Generation and properties of measles virus mutations typically associated with subacute sclerosing panencephalitis

Abstract

Subacute sclerosing panencephalitis (SSPE), a very rare but lethal disease caused by measles viruses (MV) persisting in the human central nervous system (CNS) is characterized by lack of viral budding, reduced expression of the viral envelope proteins and spread of MV genomes through the CNS despite massive immune responses. The five major MV genes from several SSPE cases were cloned and sequenced, the two transmembrane envelope glycoproteins hemagglutinin (H) and fusion protein (F) were expressed and their maturation, cellular localization and functionality analyzed.
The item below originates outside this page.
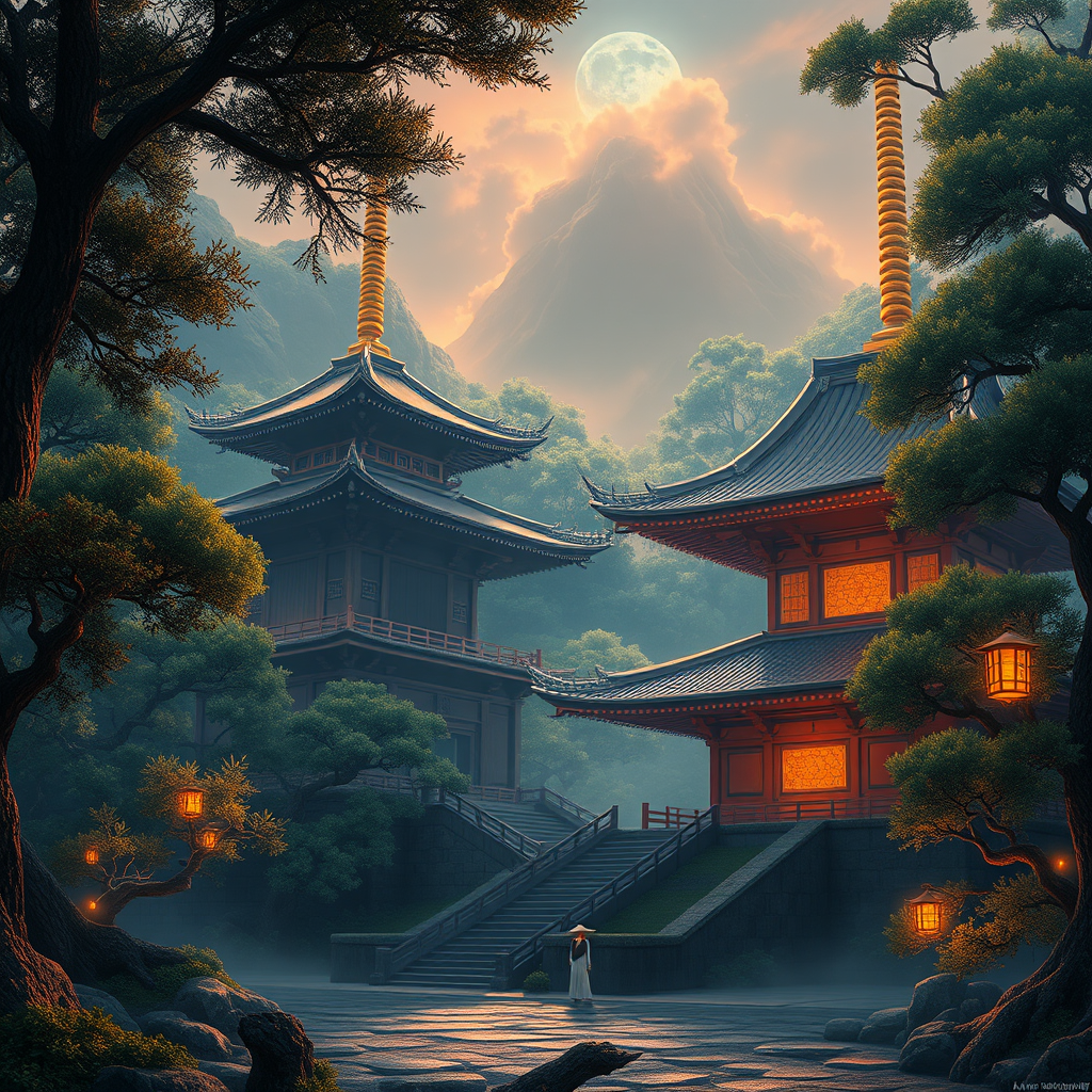 Japan-inspired landscape featuring two ancient temples by Laurie Greasley, surrounded by lush trees, illuminated by enchanting fantasy lighting. The scene is intricately detailed, capturing the essence of traditional Japanese architecture with a touch of magical ambiance, in a composition reminiscent of a painting on Artstation with an aspect ratio of 2:1.

We conclude that 1) mutations in the MV genes arise not only individually, by errors of the MV polymerase, but also in clusters as hypermutations, presumably due to RNA unwinding/modifying activity altering accidentally formed double-stranded RNA regions, 2) MVs spread in SSPE brains after clonal selection, 3) the MV matrix (M) gene is most heavily mutated and dispensable, 4) the two genes encoding envelope transmembrane proteins give rise to functional but altered proteins (typically F is heavily altered in its cytoplasmic domain), 5) H protein is transported poorly to the cell surface, 6) F and H proteins maintain tightly interdepending fusion functions, presumably to allow local cell fusion and MV ribonucleoprotein (RNP) spread through the CNS.